About this exercise -
Which lines come from the start of the records through the line that holds "The aim was"? Write them out word for word.

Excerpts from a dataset

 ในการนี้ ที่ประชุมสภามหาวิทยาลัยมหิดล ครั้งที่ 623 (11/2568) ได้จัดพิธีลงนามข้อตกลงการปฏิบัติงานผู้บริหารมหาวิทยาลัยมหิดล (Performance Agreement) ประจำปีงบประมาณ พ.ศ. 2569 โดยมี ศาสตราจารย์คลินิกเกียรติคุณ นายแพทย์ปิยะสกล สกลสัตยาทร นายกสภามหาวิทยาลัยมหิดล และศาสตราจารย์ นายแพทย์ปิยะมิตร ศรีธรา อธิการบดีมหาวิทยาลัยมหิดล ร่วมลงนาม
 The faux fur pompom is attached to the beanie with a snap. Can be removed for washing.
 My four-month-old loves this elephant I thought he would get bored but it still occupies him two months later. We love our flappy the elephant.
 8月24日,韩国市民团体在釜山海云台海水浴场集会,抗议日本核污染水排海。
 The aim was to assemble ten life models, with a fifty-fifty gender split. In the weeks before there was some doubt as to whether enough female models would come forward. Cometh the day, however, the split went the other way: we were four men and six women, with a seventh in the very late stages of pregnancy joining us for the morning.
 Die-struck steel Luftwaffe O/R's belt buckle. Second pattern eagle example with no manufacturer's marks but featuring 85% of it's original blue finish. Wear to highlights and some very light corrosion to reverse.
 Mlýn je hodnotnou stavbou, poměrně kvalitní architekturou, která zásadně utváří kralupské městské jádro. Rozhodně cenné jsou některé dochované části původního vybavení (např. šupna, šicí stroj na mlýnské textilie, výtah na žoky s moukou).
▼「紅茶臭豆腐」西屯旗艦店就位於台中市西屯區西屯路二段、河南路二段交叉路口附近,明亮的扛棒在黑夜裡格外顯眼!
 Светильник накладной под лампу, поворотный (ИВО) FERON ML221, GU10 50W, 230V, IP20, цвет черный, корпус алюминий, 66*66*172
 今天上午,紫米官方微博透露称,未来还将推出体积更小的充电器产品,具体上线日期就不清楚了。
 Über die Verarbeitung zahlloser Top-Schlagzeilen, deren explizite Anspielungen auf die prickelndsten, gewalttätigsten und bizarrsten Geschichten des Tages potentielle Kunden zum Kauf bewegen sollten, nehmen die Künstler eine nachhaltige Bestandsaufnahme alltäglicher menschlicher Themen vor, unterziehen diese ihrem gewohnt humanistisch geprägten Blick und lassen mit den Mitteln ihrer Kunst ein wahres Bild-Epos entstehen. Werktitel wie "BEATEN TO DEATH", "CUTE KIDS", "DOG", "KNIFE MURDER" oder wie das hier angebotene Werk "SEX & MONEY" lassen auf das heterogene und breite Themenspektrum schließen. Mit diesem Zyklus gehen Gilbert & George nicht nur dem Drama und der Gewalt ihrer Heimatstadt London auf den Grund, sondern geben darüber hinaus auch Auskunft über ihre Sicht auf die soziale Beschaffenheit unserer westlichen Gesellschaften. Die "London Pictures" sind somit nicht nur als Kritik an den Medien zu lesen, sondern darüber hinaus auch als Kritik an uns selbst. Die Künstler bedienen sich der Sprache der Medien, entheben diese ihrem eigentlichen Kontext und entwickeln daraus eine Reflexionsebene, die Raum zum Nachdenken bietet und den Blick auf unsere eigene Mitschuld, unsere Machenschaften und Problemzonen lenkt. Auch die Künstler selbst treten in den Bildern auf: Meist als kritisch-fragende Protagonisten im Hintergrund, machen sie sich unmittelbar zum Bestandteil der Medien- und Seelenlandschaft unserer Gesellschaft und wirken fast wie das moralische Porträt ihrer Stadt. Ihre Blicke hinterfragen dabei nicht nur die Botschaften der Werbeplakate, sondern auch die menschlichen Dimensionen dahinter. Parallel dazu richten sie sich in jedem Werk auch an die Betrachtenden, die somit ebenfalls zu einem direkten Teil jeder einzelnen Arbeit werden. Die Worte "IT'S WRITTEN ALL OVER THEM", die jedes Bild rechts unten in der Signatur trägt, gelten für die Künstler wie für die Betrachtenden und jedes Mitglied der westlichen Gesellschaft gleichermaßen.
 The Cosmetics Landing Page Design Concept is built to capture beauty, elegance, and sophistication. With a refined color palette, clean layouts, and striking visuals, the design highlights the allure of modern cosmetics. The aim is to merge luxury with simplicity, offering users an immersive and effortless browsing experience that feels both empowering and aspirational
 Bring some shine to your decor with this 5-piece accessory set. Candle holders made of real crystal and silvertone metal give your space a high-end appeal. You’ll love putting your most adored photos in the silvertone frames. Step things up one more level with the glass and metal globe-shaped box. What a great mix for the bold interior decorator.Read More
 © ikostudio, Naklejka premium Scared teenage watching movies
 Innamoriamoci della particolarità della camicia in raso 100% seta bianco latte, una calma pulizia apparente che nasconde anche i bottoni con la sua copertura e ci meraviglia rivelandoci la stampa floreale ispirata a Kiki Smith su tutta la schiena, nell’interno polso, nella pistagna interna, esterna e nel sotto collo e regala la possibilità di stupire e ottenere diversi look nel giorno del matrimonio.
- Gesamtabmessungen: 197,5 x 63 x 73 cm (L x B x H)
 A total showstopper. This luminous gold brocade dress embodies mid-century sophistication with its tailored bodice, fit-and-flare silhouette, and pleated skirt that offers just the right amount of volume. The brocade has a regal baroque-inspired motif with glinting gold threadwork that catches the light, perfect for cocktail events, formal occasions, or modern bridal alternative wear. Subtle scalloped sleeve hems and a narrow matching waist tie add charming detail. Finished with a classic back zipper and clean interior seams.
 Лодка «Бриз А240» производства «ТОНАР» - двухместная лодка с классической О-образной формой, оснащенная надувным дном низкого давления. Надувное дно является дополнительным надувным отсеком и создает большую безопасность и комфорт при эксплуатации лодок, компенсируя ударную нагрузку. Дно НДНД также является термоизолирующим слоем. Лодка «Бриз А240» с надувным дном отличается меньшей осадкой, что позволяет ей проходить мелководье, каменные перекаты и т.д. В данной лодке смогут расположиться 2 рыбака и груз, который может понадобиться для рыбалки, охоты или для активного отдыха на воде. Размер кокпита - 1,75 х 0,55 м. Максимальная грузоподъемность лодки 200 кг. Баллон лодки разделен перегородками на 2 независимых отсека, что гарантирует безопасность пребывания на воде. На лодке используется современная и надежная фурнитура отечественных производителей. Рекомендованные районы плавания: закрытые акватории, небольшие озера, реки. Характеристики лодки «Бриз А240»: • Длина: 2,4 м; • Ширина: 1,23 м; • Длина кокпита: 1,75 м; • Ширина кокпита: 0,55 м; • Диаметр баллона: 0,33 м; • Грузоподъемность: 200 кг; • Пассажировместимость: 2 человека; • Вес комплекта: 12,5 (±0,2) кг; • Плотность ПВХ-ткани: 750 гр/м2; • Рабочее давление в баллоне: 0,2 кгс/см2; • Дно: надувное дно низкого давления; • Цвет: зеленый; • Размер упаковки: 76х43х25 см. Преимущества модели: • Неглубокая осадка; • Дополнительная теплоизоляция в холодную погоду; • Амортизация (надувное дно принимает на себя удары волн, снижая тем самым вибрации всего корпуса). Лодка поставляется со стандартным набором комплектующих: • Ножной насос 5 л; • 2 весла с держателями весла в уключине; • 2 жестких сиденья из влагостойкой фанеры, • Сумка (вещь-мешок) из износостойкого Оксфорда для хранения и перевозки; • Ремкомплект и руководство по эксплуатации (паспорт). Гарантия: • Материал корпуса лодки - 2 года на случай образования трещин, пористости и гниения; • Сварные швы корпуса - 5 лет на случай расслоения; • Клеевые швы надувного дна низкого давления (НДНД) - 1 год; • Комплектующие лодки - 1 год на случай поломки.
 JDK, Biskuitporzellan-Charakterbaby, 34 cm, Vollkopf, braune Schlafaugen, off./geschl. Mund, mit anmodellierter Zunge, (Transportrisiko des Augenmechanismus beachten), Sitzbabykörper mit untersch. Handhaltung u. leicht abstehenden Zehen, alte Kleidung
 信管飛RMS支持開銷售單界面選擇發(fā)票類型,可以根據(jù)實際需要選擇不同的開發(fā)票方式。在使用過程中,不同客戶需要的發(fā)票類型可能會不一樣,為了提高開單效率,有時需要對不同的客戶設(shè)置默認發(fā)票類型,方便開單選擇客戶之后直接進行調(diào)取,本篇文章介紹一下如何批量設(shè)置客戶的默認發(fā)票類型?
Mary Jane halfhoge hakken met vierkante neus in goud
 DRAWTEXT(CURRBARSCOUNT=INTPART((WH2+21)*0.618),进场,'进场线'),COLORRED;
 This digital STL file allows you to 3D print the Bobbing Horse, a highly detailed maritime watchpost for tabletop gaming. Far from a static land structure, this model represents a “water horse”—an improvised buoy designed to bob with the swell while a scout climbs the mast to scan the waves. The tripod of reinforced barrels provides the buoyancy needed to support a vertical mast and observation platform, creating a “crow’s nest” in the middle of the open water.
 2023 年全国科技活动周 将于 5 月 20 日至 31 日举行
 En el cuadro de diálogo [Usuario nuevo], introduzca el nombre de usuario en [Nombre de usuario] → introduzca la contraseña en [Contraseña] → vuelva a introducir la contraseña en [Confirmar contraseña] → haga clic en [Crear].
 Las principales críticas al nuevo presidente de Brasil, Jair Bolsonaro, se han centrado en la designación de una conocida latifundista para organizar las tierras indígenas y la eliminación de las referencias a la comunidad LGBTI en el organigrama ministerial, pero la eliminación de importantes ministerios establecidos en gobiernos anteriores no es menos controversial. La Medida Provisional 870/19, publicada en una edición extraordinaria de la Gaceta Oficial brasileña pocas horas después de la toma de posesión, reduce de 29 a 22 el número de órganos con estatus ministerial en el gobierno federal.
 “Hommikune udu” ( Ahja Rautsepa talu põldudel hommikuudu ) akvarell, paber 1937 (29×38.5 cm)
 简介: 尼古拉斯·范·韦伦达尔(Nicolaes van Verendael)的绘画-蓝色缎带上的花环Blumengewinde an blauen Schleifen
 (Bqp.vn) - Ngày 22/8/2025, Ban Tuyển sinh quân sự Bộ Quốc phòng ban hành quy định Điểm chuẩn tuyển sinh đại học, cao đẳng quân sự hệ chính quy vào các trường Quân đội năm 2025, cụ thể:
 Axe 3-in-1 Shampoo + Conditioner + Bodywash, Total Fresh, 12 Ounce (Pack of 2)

Output of the exercise -
 ในการนี้ ที่ประชุมสภามหาวิทยาลัยมหิดล ครั้งที่ 623 (11/2568) ได้จัดพิธีลงนามข้อตกลงการปฏิบัติงานผู้บริหารมหาวิทยาลัยมหิดล (Performance Agreement) ประจำปีงบประมาณ พ.ศ. 2569 โดยมี ศาสตราจารย์คลินิกเกียรติคุณ นายแพทย์ปิยะสกล สกลสัตยาทร นายกสภามหาวิทยาลัยมหิดล และศาสตราจารย์ นายแพทย์ปิยะมิตร ศรีธรา อธิการบดีมหาวิทยาลัยมหิดล ร่วมลงนาม
 The faux fur pompom is attached to the beanie with a snap. Can be removed for washing.
 My four-month-old loves this elephant I thought he would get bored but it still occupies him two months later. We love our flappy the elephant.
 8月24日,韩国市民团体在釜山海云台海水浴场集会,抗议日本核污染水排海。
 The aim was to assemble ten life models, with a fifty-fifty gender split. In the weeks before there was some doubt as to whether enough female models would come forward. Cometh the day, however, the split went the other way: we were four men and six women, with a seventh in the very late stages of pregnancy joining us for the morning.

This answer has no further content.